## Given material
——
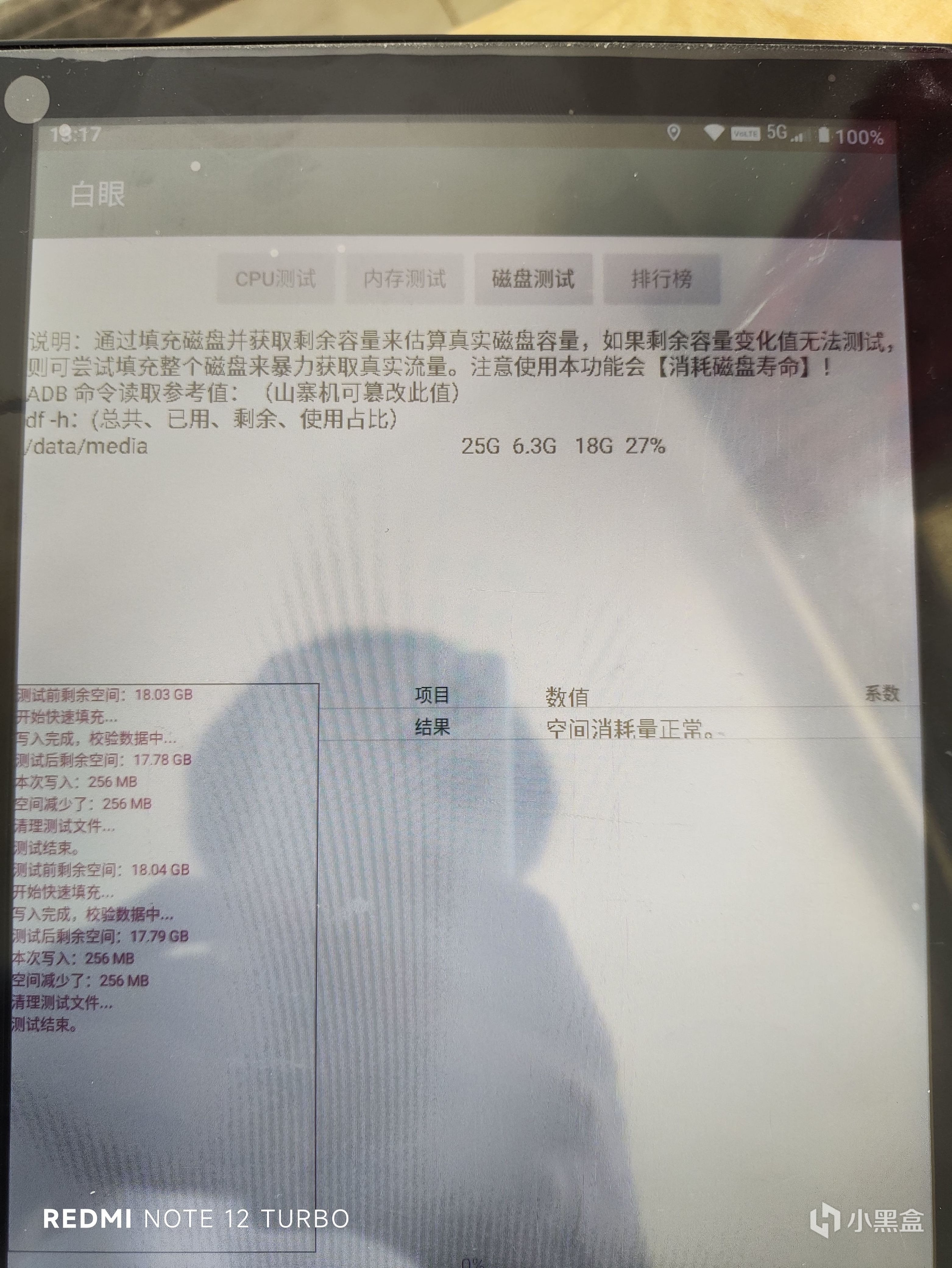通过白眼的暴力填充,测得真实内存2GB,硬盘容量是32GB。
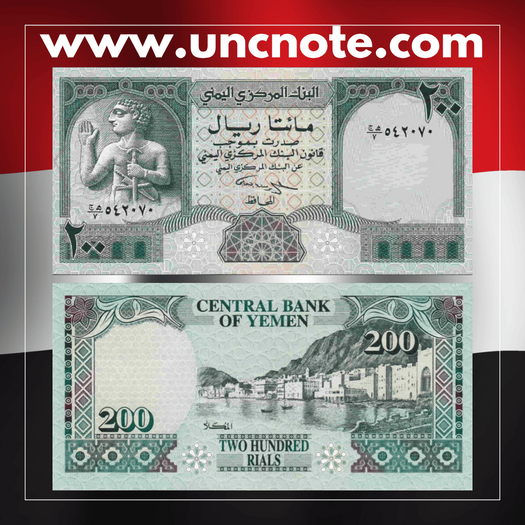 Issued by the Central Bank of Yemen in 1996, this 200 Rials banknote is part of the post-unification series reflecting Yemen’s national identity, heritage, and economic stability following the 1990 unification of North and South Yemen.
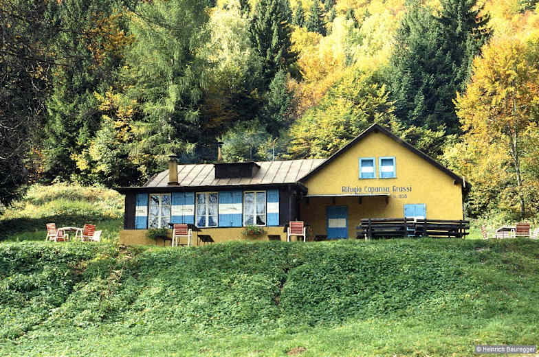 An der Malga Grassi gehen wir auf der Fahrstraße links hinüber zu dem am Waldrand gelegenen Rif. Capanna Grassi, das uns zum Abschluss der Tour noch einmal Einkehr bietet. Von hier gelangen wir in wenigen Minuten zurück zu unserem Ausgangspunkt Foto: Heinrich Bauregger
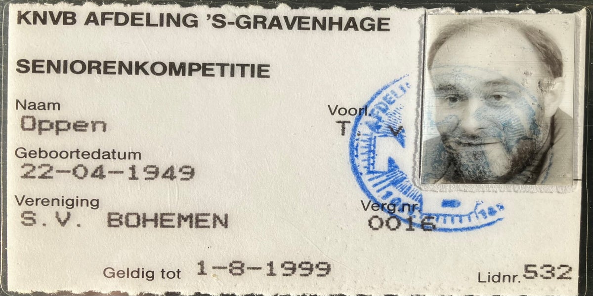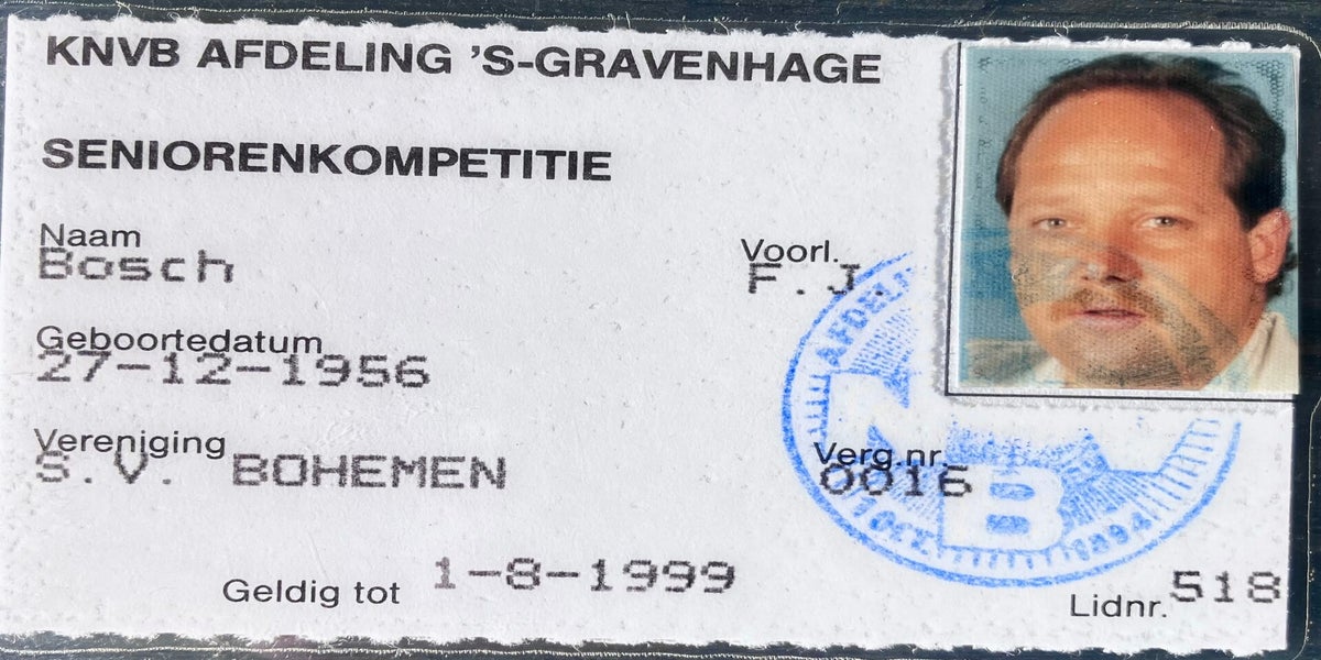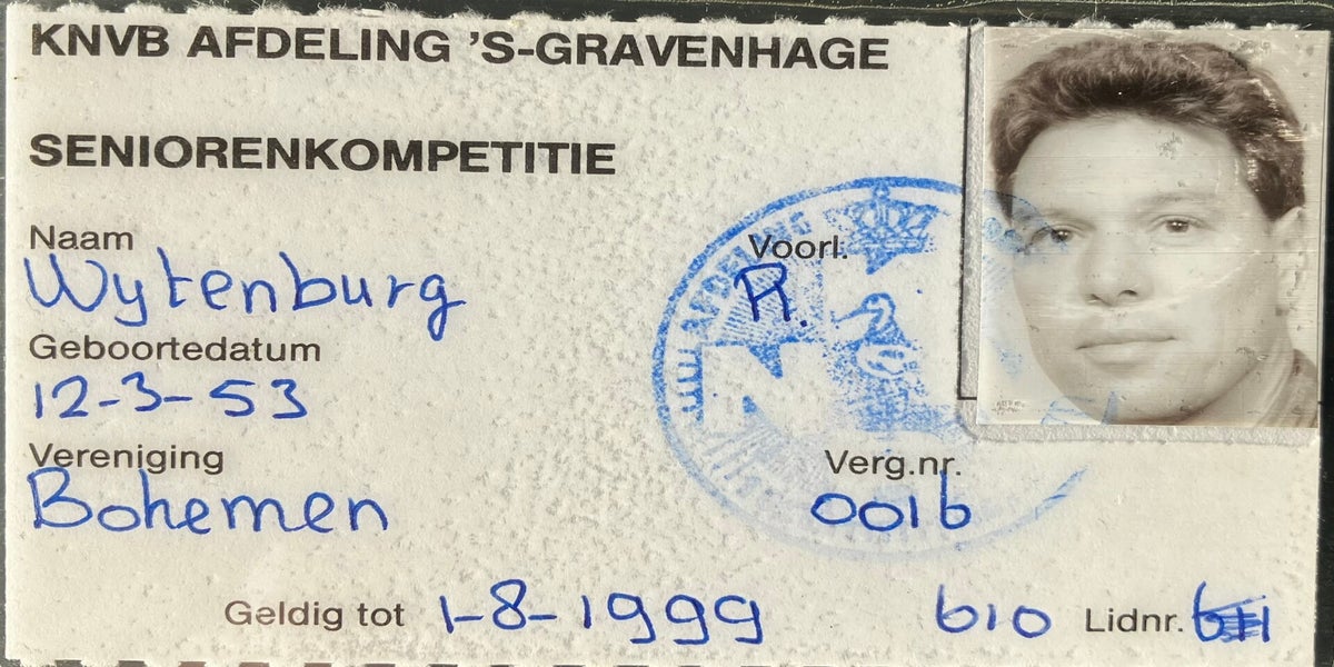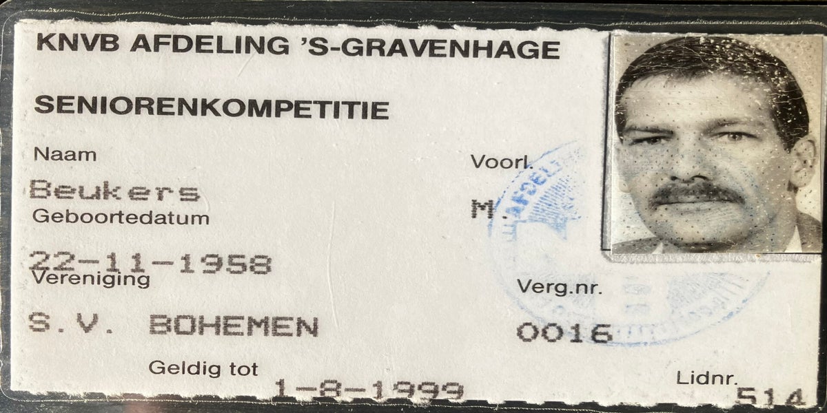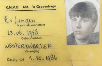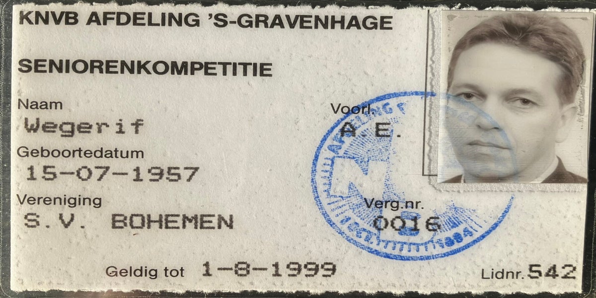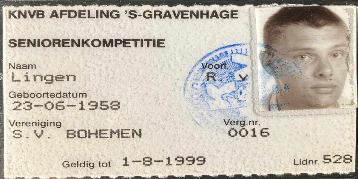En zijn spelerskaartje uit 1986 (foto's onder). Ondertekend door de toenmalige 'verenigingssecretaris'. Met een -vooralsnog- onduidelijke handtekening. Wie herkent hierin zijn krabbel? Mail het svp even naar info@westerkwartier-kijkduin.nl
——
## What you will do
A faithful, word-for-word copy of the data is needed; the pictures should not appear in it.

## Solution for this problem
通过白眼的暴力填充,测得真实内存2GB,硬盘容量是32GB。
 Issued by the Central Bank of Yemen in 1996, this 200 Rials banknote is part of the post-unification series reflecting Yemen’s national identity, heritage, and economic stability following the 1990 unification of North and South Yemen.
 An der Malga Grassi gehen wir auf der Fahrstraße links hinüber zu dem am Waldrand gelegenen Rif. Capanna Grassi, das uns zum Abschluss der Tour noch einmal Einkehr bietet. Von hier gelangen wir in wenigen Minuten zurück zu unserem Ausgangspunkt Foto: Heinrich Bauregger
En zijn spelerskaartje uit 1986 (foto's onder). Ondertekend door de toenmalige 'verenigingssecretaris'. Met een -vooralsnog- onduidelijke handtekening. Wie herkent hierin zijn krabbel? Mail het svp even naar info@westerkwartier-kijkduin.nl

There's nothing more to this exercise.